The Grammys suck.
This is neither a new nor a particularly provocative statement. It's not even an opinion. We all know the Grammys suck. We continue to watch, talk, and write about them — hoping with each year that they might suck a bit less — but the slow burn of shitty continues. There is nothing — not Prince being as Black as one can be in a Faygo Orange slipsuit or Beyonce's lightskinned privilege — that can prevent it from happening. It is Anton Chigurh with the stun gun; relentless, unabating, inevitable, final.
But why?
The easy answer here is the music. The show — the music industry's best opportunity to show its best and brightest — is just a reflection of it. If the Grammys suck it's because popular music sucks. I won't disagree with that, but I wonder how much blame we (fans) have to accept.

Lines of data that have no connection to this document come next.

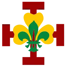 The emblem of the Association des Scouts et Guides du Congo incorporates the color scheme of the flag of the Republic of the Congo.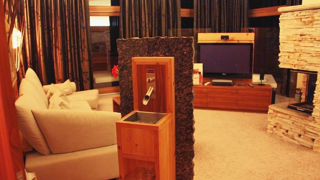 Die Zimmer und Suiten können das Erlebnis in Entree nur überbieten. In dem von mir bewohnten Penthouse Adlerhorst wurde das Wellnesskonzept bis in das Wohnzimmer hinein durchgezogen. Die Räumlichkeiten boten auf knapp 100qm eine Sauna und Badewanne für vier Personen, einen Kamin, Trinkbrunnen und mindestens genau so große Terrasse mit Blick auf die Zugspitze, von den zwei getrennten Schlafgemächern mit eigenem Bad mal abgesehen.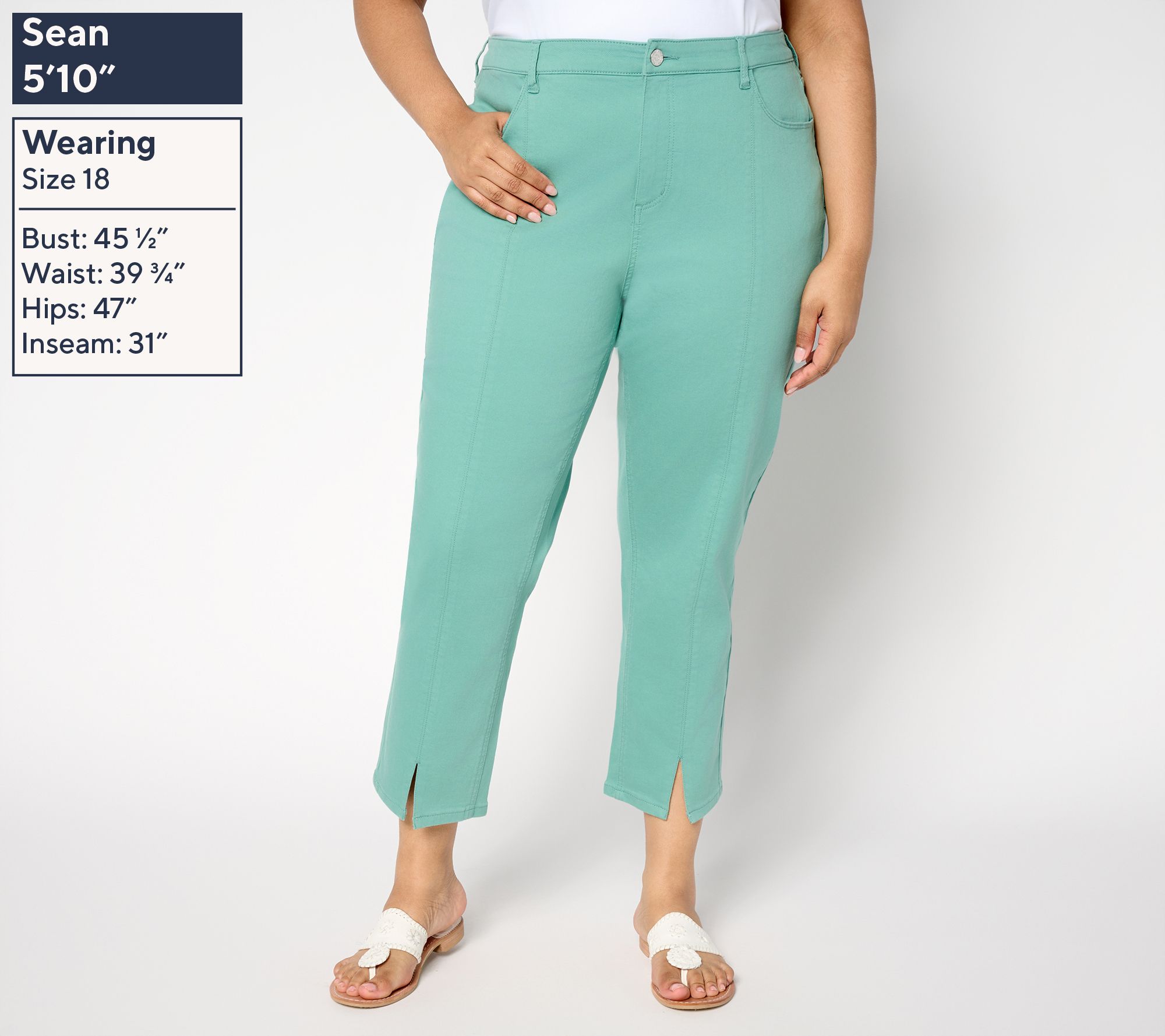 • Features: ankle length, two-piece contour waistband with belt loop, front scoop pockets, back angled patch pockets, front seam with single needle stitching, slit at front leg opening

The Grammys seemed to suck much less 15 years ago. Because the music seemed to suck much less. But we also consumed music much differently. We've evolved, and what we're seeing is them attempting to adapt to us. Trying to devise formulas and crack algorithms to understand what works now and what doesn't anymore. Some are succeeding. Some are not. But all have changed. And, we really can't put too much of the onus on them because this evolution happened faster than our own ability to process it. We are the proverbial shitty partner who's always mad at their mate for not meeting expectations they haven't actually articulated yet. We don't know what we want, but we exist in a state of perpetual underwhelm because they're not providing it. Iggy Azelea exists because, well, we created her, and she — and, by extension, they — sucks because we do right now too.